The initial contents of a plain data type is undefined

For references, it said

While you are allowed to create objects with uninitialized fields, any access to an uninitialized reference is an immediate error… This avoids the need to continually check for null values.

Accessing #undef (the mutable pointer kind) is not not undefined behavior. It’s defined to throw. This ironically makes #undef more defined than the behavior for bits-type, but so is the linguistic irony.

5 Likes

Unlike the reference case, this would be a performance disaster.

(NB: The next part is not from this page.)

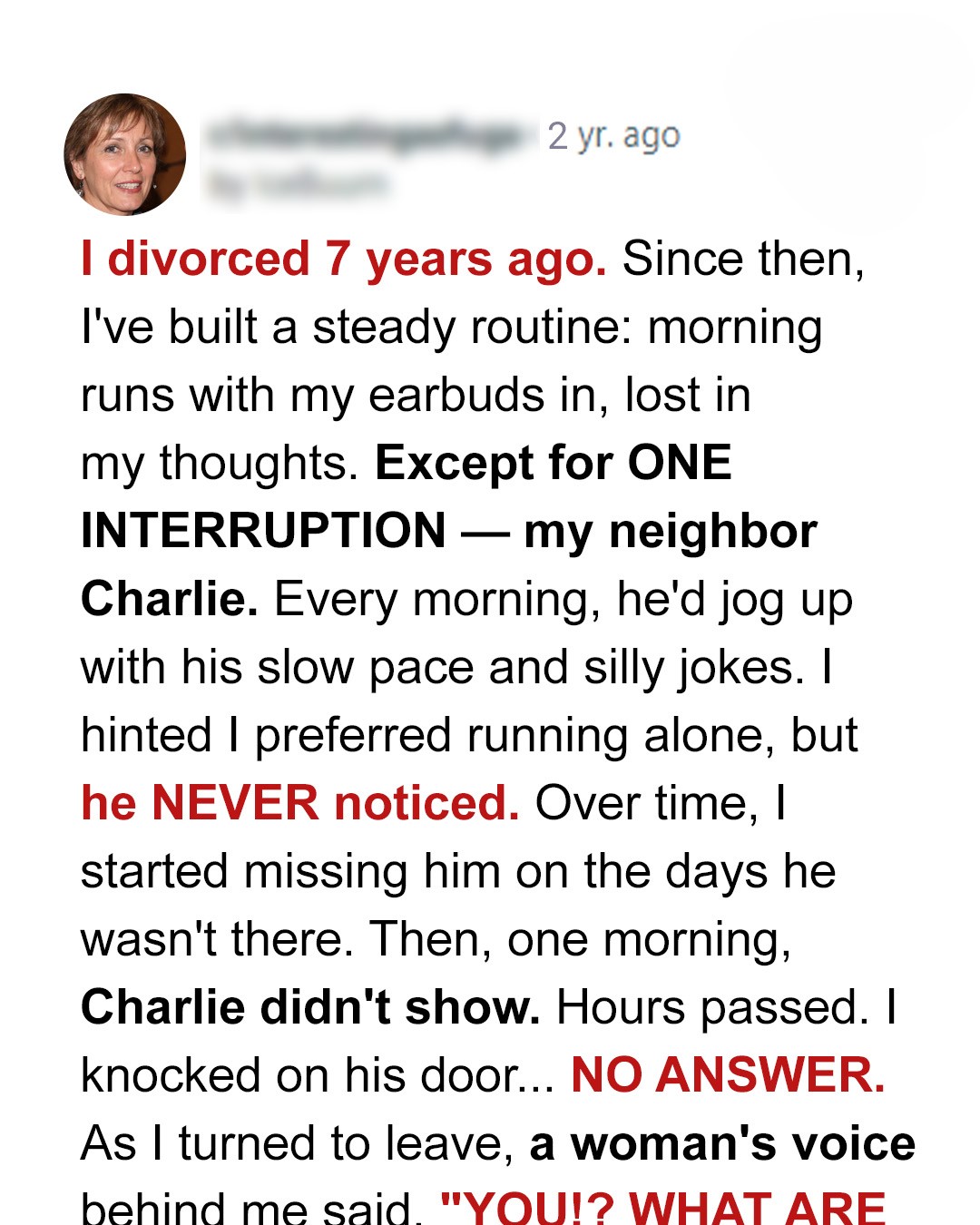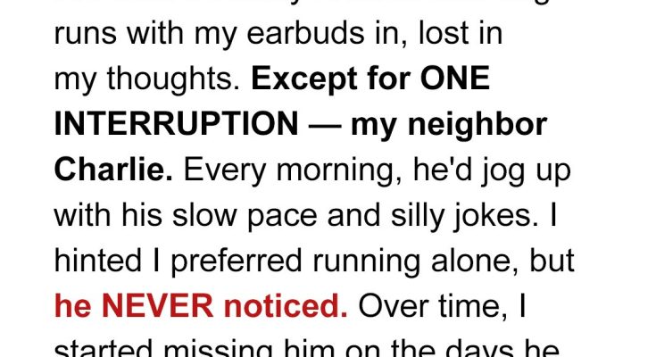 Seven years. Seven long years since my divorce ripped my life apart, leaving me with nothing but shattered trust and an empty house. My morning runs became my religion, my meditation, my only quiet solace. Earbuds in, world out, just the rhythmic pound of my feet on the pavement, lost in the echo chamber of my own thoughts. Except for ONE INTERRUPTED. Every single morning, without fail, my neighbor Charlie would jog up beside me. He had this slow, lumbering pace and a repertoire of truly awful, cheesy jokes. I hated it. I craved silence, anonymity, the chance to process the wreckage of my past without interruption. I hinted. Oh, did I hint. I’d pick up my pace, pretend not to hear him, even just grunt in response to his relentless cheerfulness. He NEVER noticed. Or maybe, he pretended not to notice. I just wanted him to leave me alone. I really did.
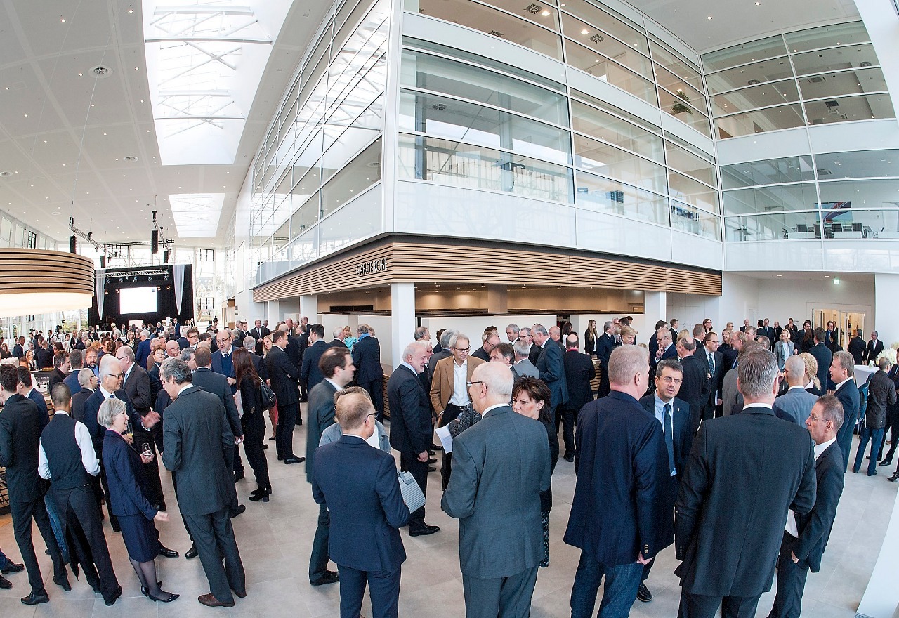 Rund 2.300 Tonnen Stahl, 125 km Kabel, 15.000 m² Gussasphalt und 3.000 m² Fliesen – das ist nur ein Teil der Baustoffe, die der Generalunternehmer Implenia seit Baubeginn am 2. Mai 2016 verarbeitet hat. Rund anderthalb Jahre nach Projektstart steht fest: Die Messe Essen hat ihre Etappenziele innerhalb des gesetzten Zeit- und Budgetrahmens sowie im Einklang mit dem Veranstaltungskalender erreicht. Anlass genug, den erfolgreichen Abschluss der ersten Bauphase und die Einweihung des neuen Foyers Ost gemeinsam mit rund 500 geladenen Gästen, Kunden und Partnern der Messe Essen zu feiern.

It would force every int/float/whatever array access to look in two places and potentially throw an error. Unlike the reference case where you have to do an indirect memory load anyway, that is a lot of overhead for something as lightweight as an Int load. Not to mention increasing the size of basically every object and making Julia’s struct layout no longer C-compatible. That’s an awful lot to give up for the sake of “they should behave the same.”

3 Likes
4 Likes

Yes, that’s basically what’s going on here. What is “undefined” is what content you’ll get, which is much more constrained than what C uses the term for. It’s just a very natural term to use though. I don’t think there’s any conflict between what I said and what Keno has said.

3 Likes

Thank you @StefanKarpinski for taking the time to explain the approach (and its rationale) you took with the language!

Perhaps I have an unwarranted fear of exceptions, but I feel they make the language more complicated. Not concerned about performance issues.

I promise to write on this board when I have figured it out :slight_smile:

But, since you asked …
For Vector{T} with value type T: allow undef initializer.
For Vector{T} with reference type T: don’t allow undef initializer.

Expanding the second case (reference type): I do believe that fill (with some default) and collect (from some generator) handles many cases. The other cases by Union{T,Nothing}.

Yes, I’m sure there are also cases where this is not good enough.

How do you implement fill and collect? I suppose in this design they would have to be primitives?

The other cases by Union{T,Nothing}.

This isn’t very satisfying since that forces Hoare’s “billion dollar mistake” on people taking that route.

Yes, I’m sure there are also cases where this is not good enough.

Right, if this weren’t a programming language then getting the majority of cases would be fine, but we have to allow people to implement literally everything, so no corner case is too small.

2 Likes

Yes, I was referring to the isbits portion of stefan’s comment, I should have been clearer about that - sorry! Throwing a UndefVarError for references is certainly well defined behavior (albeit maybe confusing terminology). I’d personally prefer it be called UninitVarError, but that’s a topic for another day.

Gotcha, then there must have been a misunderstanding in the other thread, because the stance that “we shouldn’t use undefined behavior for this” has been my stance there as well. Keno never clarified my question of what exactly he meant with “undefined behavior” :person_shrugging:

There is the idea that using calloc instead of malloc would “fix” this across the board, but as it turns out, that also doesn’t quite work; you can easily have a datatype where there is no zero and/or where its bitpattern needs to contain at least one 1, resulting in calloc producing invalid instances yet again. In general, you need to go through a constructor to create valid instances of any type.

I would guess with the help of something like Vector{T}(iterator) (for iterator supporting size(iterator)), or Matrix{T,k}(element_constructor, dims), where element_constructor is some function from indices - here element_constructor is a bad name, this function could supply existing objects, or create new.

With fill and collect I should also have listed vector/matrix comprehension.

I agree to some extent, but I think this is oversimplified.

In e.g. C you always refer to objects of type T through a pointer (T *obj), thus every function working with T objects must check for nullptrs. The type Union{T, Nothing} is not the same as T. So, we are in a much better place and get protection from function interfaces, and can “contain the spread” of the nullptr-tainted data: Functions operating on T objects can assume the input is valid objects, and data validation and error handling is done earlier. But, you know this.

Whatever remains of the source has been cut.